* **Available records**:
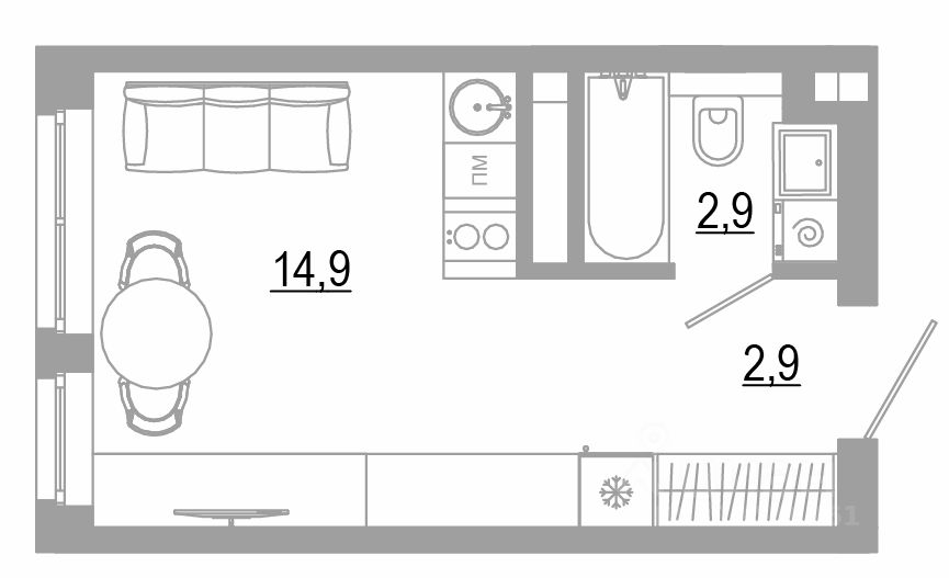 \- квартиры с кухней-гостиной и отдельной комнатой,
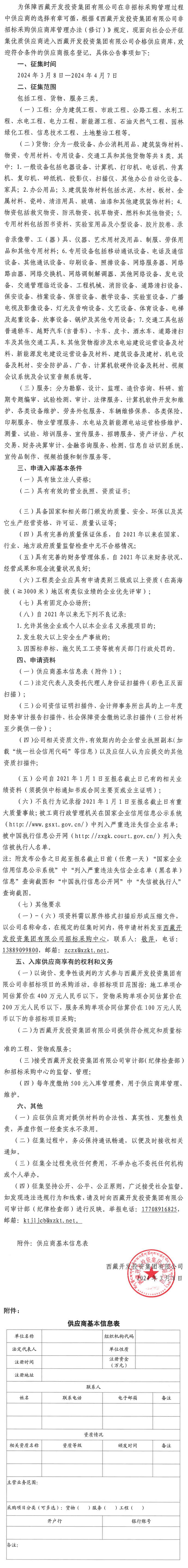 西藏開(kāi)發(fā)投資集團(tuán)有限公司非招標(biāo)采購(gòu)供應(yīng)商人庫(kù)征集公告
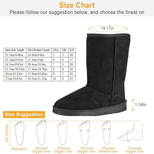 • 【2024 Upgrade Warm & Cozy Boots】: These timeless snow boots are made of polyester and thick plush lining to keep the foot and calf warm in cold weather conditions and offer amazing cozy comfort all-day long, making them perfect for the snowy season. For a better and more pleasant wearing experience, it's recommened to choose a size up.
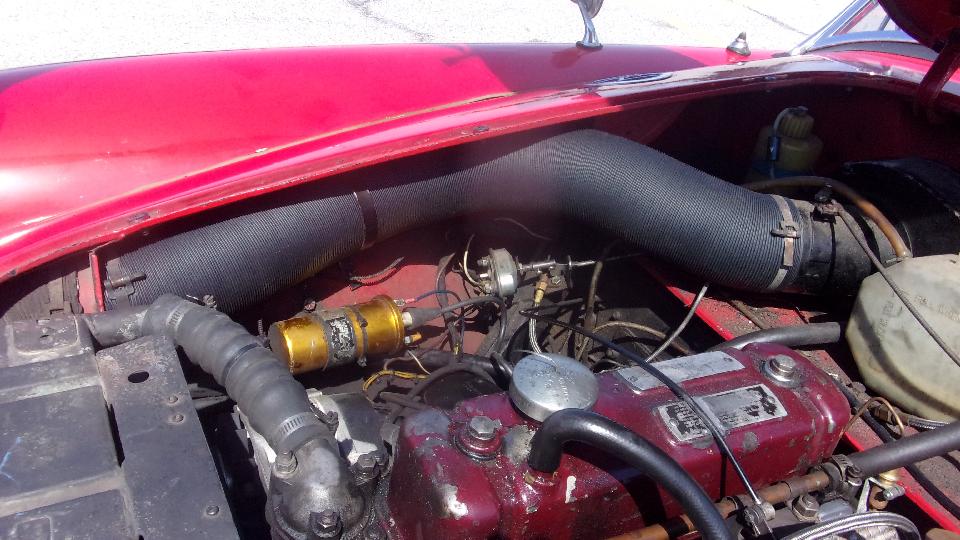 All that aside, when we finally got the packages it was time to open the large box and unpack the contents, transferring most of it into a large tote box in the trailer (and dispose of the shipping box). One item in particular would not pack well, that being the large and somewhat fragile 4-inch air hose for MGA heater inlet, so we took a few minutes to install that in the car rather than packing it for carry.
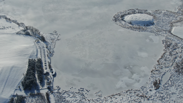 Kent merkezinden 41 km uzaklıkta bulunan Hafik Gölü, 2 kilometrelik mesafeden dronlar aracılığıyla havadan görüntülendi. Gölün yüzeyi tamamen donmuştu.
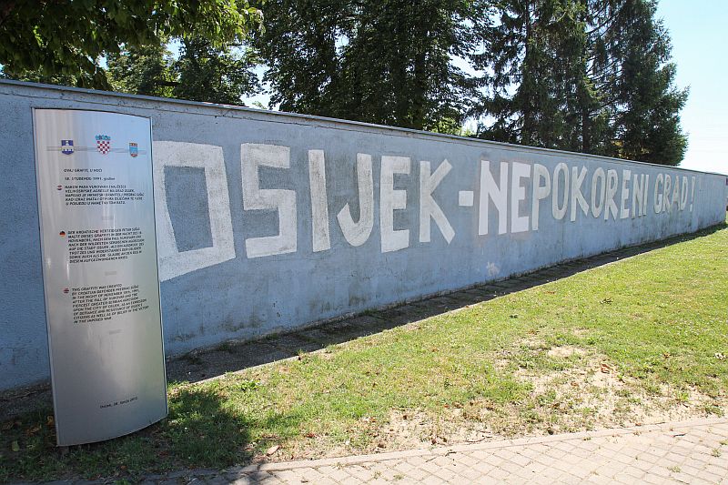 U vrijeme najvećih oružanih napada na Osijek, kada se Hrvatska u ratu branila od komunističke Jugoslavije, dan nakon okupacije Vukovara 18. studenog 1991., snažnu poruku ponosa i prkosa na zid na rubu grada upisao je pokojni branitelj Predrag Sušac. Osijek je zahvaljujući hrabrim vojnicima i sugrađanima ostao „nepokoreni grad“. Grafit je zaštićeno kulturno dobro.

* * *

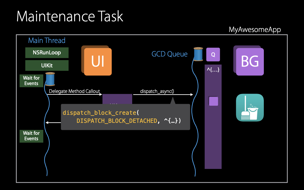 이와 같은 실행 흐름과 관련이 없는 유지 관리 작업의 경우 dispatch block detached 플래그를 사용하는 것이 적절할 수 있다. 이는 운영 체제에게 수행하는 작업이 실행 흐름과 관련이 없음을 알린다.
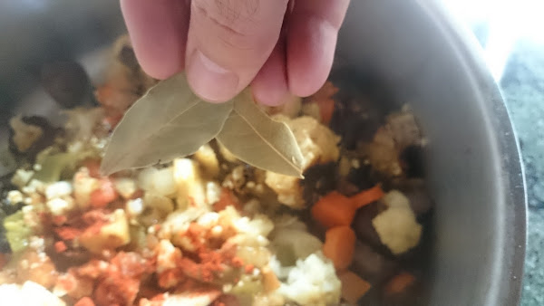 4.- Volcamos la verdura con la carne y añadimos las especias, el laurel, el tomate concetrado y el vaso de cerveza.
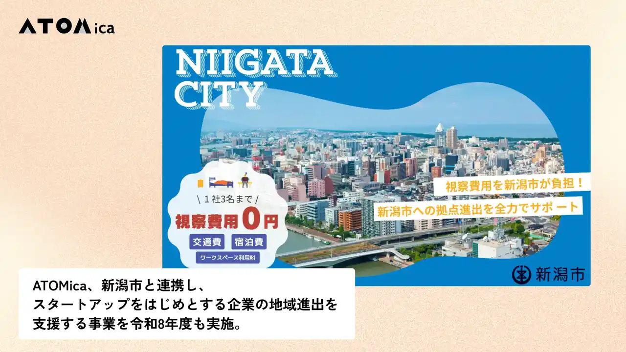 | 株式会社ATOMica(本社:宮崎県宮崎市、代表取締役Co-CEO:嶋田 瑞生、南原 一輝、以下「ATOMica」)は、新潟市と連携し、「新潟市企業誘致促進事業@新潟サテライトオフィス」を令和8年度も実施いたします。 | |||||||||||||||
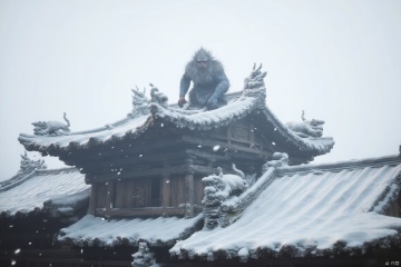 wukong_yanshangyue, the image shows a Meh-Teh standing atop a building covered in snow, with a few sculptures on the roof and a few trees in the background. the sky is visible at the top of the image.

...

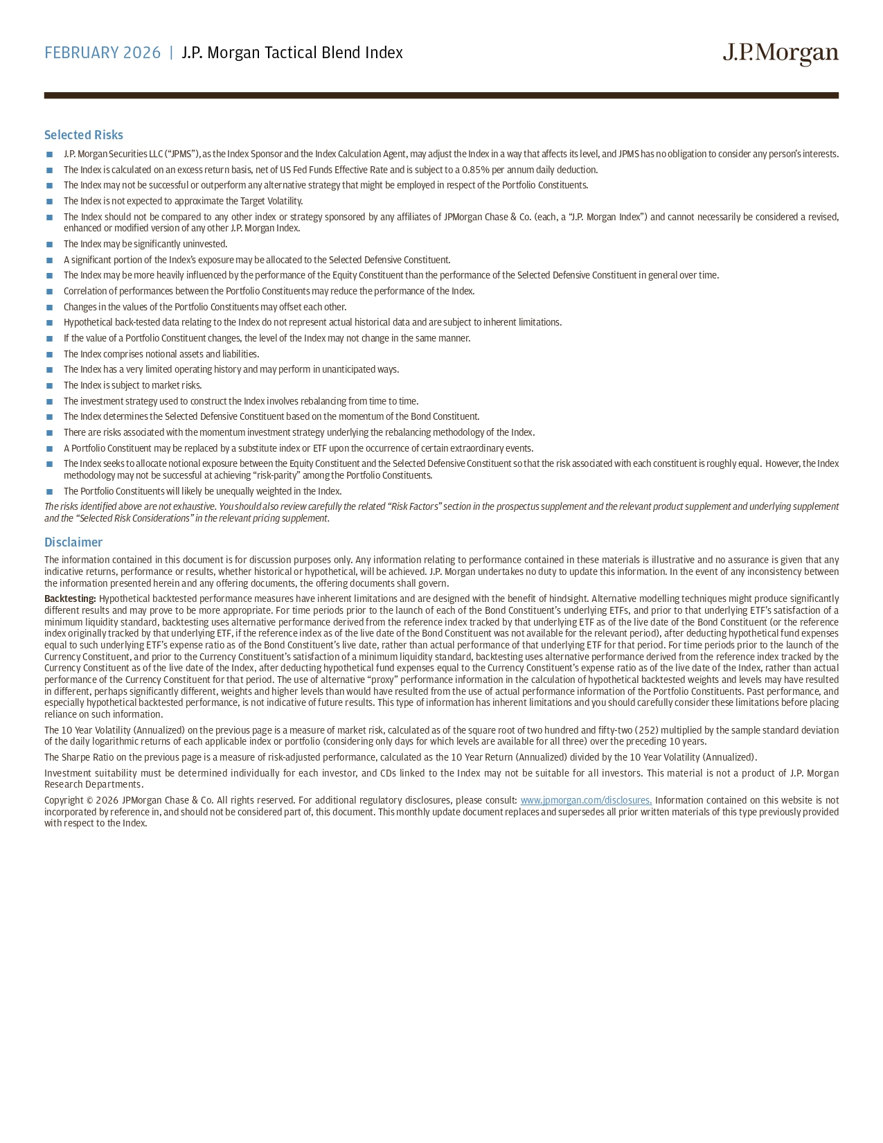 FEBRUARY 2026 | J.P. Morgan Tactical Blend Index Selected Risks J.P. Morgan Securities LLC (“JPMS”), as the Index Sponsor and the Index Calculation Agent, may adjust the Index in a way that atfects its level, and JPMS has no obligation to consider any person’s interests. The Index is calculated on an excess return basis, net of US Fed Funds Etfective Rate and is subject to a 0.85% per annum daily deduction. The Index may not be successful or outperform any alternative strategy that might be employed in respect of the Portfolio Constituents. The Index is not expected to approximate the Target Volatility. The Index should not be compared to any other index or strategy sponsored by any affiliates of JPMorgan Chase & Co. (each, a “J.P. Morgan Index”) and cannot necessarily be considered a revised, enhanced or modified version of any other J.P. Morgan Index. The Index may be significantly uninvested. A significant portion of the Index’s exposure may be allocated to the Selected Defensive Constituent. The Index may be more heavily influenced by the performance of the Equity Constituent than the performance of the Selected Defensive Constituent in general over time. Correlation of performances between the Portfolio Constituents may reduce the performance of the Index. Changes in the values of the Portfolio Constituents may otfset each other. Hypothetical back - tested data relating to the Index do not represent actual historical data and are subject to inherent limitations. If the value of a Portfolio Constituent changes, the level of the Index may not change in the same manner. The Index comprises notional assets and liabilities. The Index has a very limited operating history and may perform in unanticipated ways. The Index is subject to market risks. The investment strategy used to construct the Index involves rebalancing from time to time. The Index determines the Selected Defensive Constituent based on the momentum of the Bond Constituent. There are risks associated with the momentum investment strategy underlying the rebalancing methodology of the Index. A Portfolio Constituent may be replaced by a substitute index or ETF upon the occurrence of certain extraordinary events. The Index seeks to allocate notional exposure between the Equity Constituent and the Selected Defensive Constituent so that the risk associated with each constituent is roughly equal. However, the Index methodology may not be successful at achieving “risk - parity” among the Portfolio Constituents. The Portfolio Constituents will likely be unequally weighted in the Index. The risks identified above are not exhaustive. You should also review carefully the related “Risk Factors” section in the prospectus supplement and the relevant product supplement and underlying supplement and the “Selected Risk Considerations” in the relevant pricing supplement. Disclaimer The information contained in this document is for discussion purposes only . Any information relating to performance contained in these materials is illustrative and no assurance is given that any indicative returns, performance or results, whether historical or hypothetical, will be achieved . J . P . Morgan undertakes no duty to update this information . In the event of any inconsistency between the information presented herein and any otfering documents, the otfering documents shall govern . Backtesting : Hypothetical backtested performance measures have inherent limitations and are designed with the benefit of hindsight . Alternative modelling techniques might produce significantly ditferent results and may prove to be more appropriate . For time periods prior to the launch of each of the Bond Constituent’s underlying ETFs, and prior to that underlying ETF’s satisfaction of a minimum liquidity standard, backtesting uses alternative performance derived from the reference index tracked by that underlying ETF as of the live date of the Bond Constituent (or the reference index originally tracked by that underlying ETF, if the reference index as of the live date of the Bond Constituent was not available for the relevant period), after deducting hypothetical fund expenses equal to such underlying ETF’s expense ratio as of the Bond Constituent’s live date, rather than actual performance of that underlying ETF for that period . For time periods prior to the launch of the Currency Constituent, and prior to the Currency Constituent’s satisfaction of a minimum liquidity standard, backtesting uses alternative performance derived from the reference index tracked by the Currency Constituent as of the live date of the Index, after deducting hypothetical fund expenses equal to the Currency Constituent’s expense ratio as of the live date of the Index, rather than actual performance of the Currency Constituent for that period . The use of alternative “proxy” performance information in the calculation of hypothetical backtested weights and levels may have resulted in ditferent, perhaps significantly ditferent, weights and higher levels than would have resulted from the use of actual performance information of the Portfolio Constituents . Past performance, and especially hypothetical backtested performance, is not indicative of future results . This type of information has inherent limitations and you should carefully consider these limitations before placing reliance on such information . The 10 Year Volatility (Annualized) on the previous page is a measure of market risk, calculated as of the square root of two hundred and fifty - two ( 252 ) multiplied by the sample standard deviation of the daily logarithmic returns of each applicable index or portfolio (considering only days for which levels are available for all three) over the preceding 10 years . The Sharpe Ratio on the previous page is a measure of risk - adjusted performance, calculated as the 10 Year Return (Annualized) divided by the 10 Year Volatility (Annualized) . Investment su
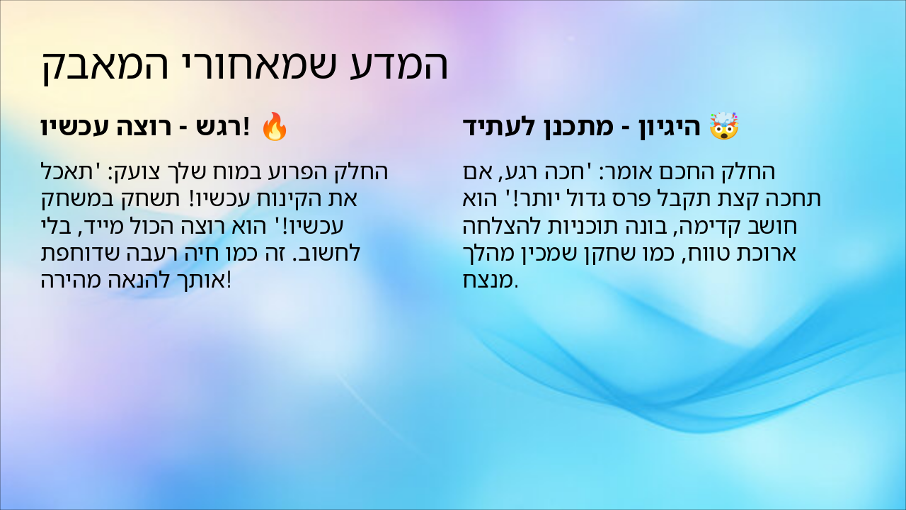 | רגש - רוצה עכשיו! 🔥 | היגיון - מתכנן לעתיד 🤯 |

* **Task description**:
Both the line above containing "4.- Volcamos la" and the line containing "wukong_yanshangyue, the image" belong in the copy, along with every line between them; print these exactly and omit the pictures.

* **Exercise answer**:
 4.- Volcamos la verdura con la carne y añadimos las especias, el laurel, el tomate concetrado y el vaso de cerveza.
 | 株式会社ATOMica(本社:宮崎県宮崎市、代表取締役Co-CEO:嶋田 瑞生、南原 一輝、以下「ATOMica」)は、新潟市と連携し、「新潟市企業誘致促進事業@新潟サテライトオフィス」を令和8年度も実施いたします。 | |||||||||||||||
 wukong_yanshangyue, the image shows a Meh-Teh standing atop a building covered in snow, with a few sculptures on the roof and a few trees in the background. the sky is visible at the top of the image.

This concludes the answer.